What is a country if it takes you to slaughter;
Abram lifting a knife without the name of Jehovah.

The difference between blood and water is
one leans against the other’s tongue.

A knife speaks into a boy’s throat
& the first thing he felt was thirst.

I open your wounds & God’s eyes probe
into mine; your skin was too soft for a knife’s healing.

A country saddles its lineage home;
the skin does not translate to salvation.

Today, at close range, three policemen
were shot. Instead of blood, they bled water.

Instead of water, they bled fruits,
everything aching all at once.

Lift up your heads, O ye gates
— Psalm 24:7

Have you tasted of your god’s anger?
Seraphs leaning into the morning with
swords, we name our house by the blood
of lambs, god’s children hiding the light
of someone’s son under their bed.

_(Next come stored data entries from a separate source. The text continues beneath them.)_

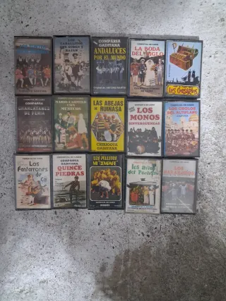 Lote de 12 casetes de Carnaval de Cádiz Izquierdo - Los Tontos del Pueblo - Los Caballitos que Suben y Bajan - Comparsa Gaditana Andaluces por el Mundo - La Boda del Siglo - Los Corsarios - Charlatanes de Feria - Mario Carmelo y sus Muñecos - Las Abejas de Ruinasa - Los Monos Sinverguenzas - Los Cholos del Altiplano - Los Fanfarrones de Cai - Quince Piedras 4€ Cada Una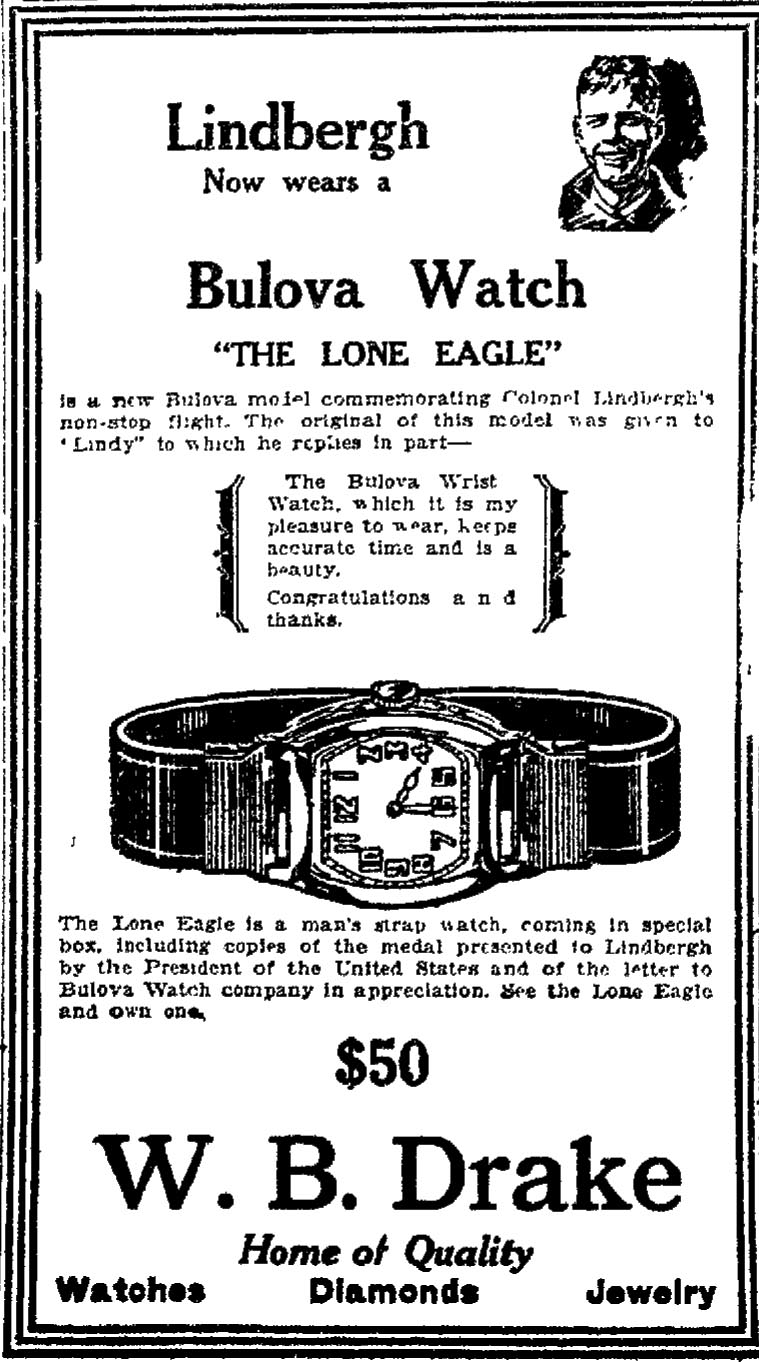 The watch shown in the last ad (without any markings) doesn't look much like any of the Lone Eagle series of watches and doesn't even have any Bulova markings, so I wonder if the jeweler for this ad 'W.B.Drake' took some liberties in advertising fake Lone Eagles or is the drawing just a real bad version of the Series II Tonneau Lone Eagle. I think maybe the latter as the ad also mentions the letter and box that I have seen.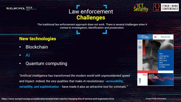 Iovini ha ricordato come i rapporti Internet Organised Crime Threat Assessment e ”Serious and Organised Crime Threat Assessment” (entrambi pubblicati da Europol) offrano un’analisi approfondita delle tendenze citate nell’intervento, a conferma del ruolo sempre più centrale del cybercrime nello scenario globale.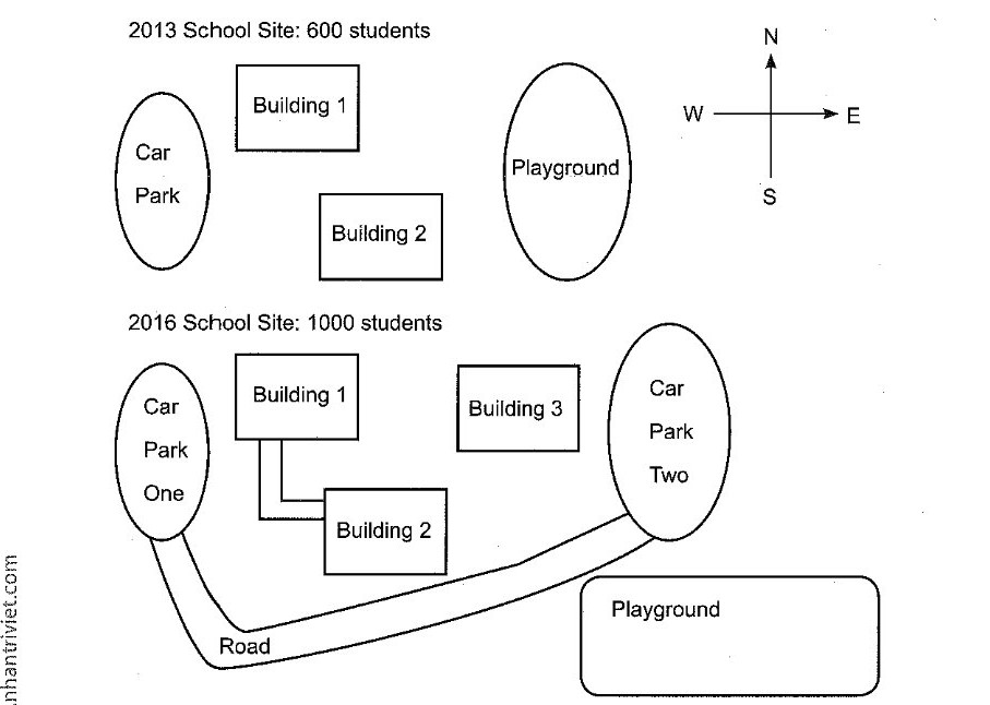 The maps below show the site of a school in 2013 and the planned one in 2016. Summarise the information by selecting and reporting the main features, and make comparisons where relevant.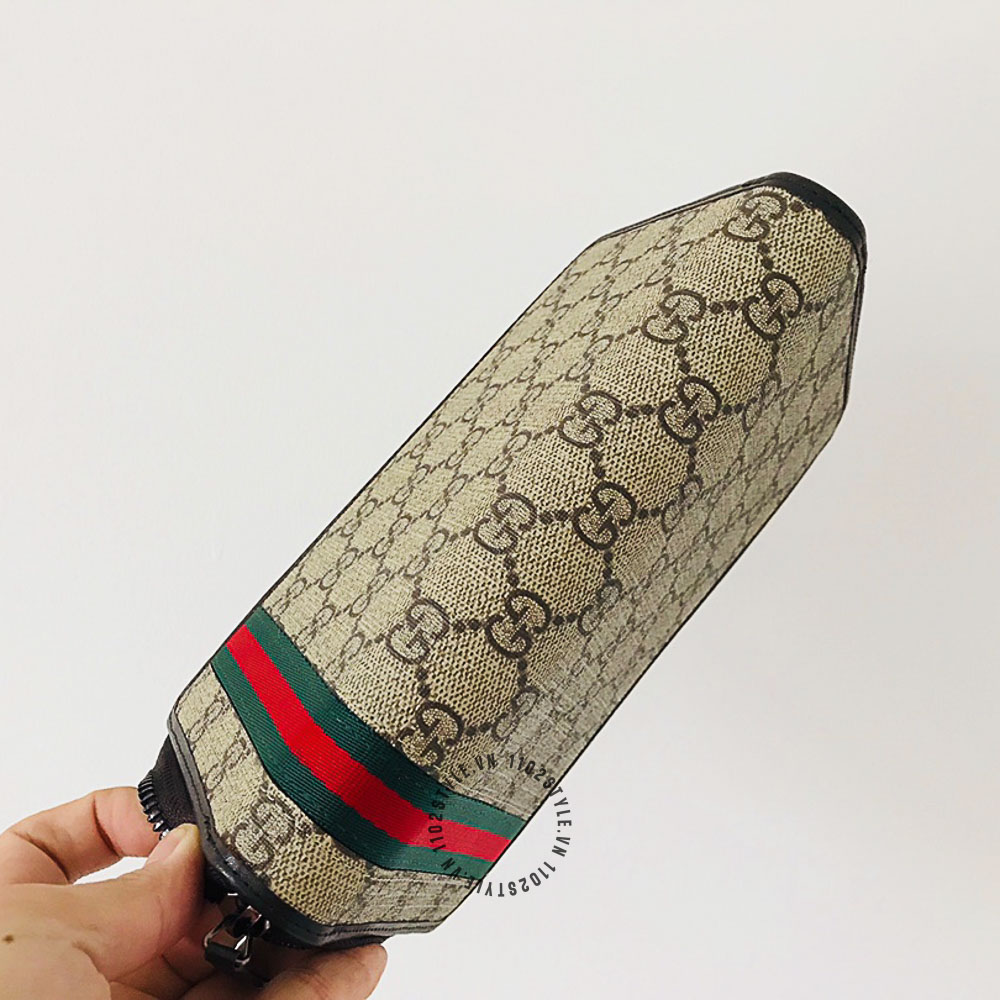 Hình ảnh chi tiết ví Gucci nam màu ghi Fake 1:1 chính hãng họa tiết cao cấp:

Am i
still kind, or a long lost mirage of rust?
Pharoah’s disobedience blooming in God’s wrath.
I come from a lineage of rebels. Men
whose wives were queens in their dreams,
whose firstborns are god’s dinner. I bless
my father’s courage, the frog in his throat,
I bless his croak voice, the music of anguish
musing the morning on mourning, the silence
that folds his mouth as someone’s boy dies. 
The lamb does not remember the house of its shepherd.
Moses, is this the price of freedom or God’s anger 
when he thinks of the coming death of his Son?
My childhood of twilight is caught in this moment. 
As a first son, the olive withers and kisses me goodbye.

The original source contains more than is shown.